Objetivos de Aprendizagem
Ao final da sequência, os estudantes devem diferenciar a ligação covalente dativa (ou coordenada) das ligações covalentes regulares com base em estruturas de Lewis, pares de elétrons doadores e aceptores e na análise de cargas formais. A ênfase recai em reconhecer quando o par eletrônico compartilhado provém integralmente de um mesmo átomo, que atua como doador, ocupando um orbital vazio do átomo aceptor. Discute-se que, uma vez formada, a ligação passa a ser indistinguível das demais covalentes em termos de energia e comprimento, sendo a seta ou o traço apenas convenções de representação. A validação do raciocínio exige contagem de elétrons de valência, verificação de octetos e minimização de cargas formais.
Os estudantes representam e justificam, no nível eletrônico e geométrico, casos clássicos como NH4+ e H3O+. Em NH3 + H+ → NH4+, o par livre do nitrogênio é doado ao próton, formando a ligação dativa; o íon resultante apresenta geometria aproximadamente tetraédrica em torno do N e carga formal global +1. De modo análogo, em H2O + H+ → H3O+, o oxigênio doa um par livre ao próton para gerar o íon hidroxônio, cuja geometria é também próxima de tetraédrica ao redor do O. Em ambas as situações, o traço no desenho final representa uma ligação equivalente às demais, ainda que sua gênese tenha sido doação do par eletrônico por uma base de Lewis.

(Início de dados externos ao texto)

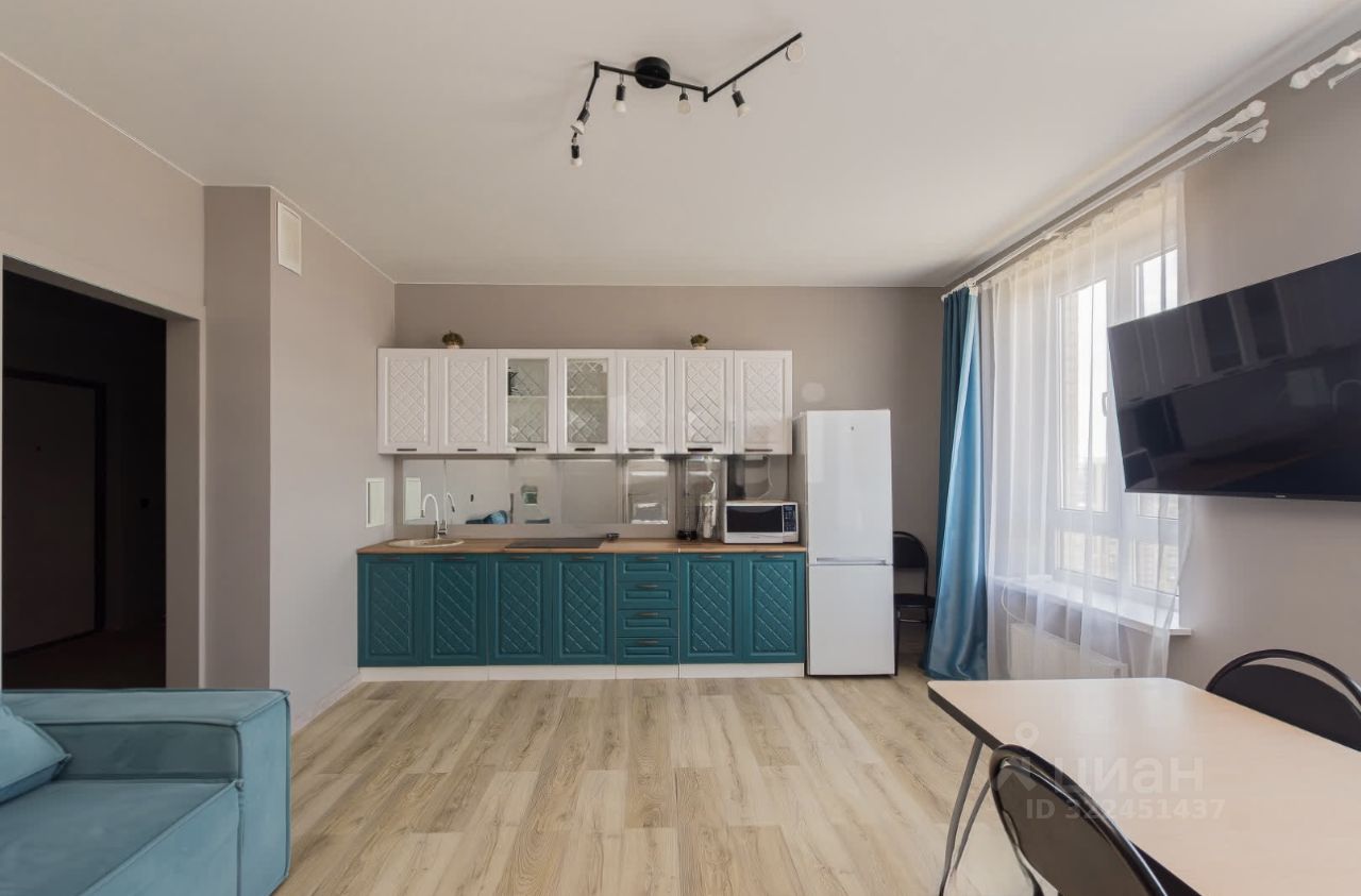 В квартире большая кухня-гостиная и 2 изолированные комнаты. В комнатах огромные лоджии с панорамными окнами, из которых можно сделать кабинет или комнату. Окна выходят на парк, школу и детские сады. Рядом уже не будет высокоэтажных зданий и вид ничто не перекроет.
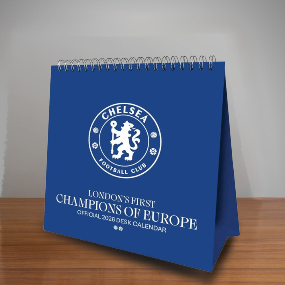 Kövesd a 2026-os évet a Chelsea hivatalos asztali naptárával! Praktikus, spirálos kialakítása és kompakt mérete ideális az íróasztalon, így minden hónap áttekintése egyszerű és kényelmes.

No monóxido de carbono, as estruturas de ressonância permitem descrever uma das três ligações como dativa O → C, o que é útil para compreender a distribuição de cargas formais (O com +1 e C com −1 em uma forma limite) e o reduzido momento de dipolo observado. Já no aduto de Lewis BF3 ← NH3, o boro, deficiente em elétrons e com orbital p vazio, aceita o par livre do nitrogênio, passando de uma geometria trigonal plana em BF3 para uma configuração tetraédrica no complexo F3B←NH3; essa coordenação reduz a acidez de Lewis do boro e ilustra a complementaridade entre aceitadores eletronicamente deficientes e doadores com pares livres disponíveis.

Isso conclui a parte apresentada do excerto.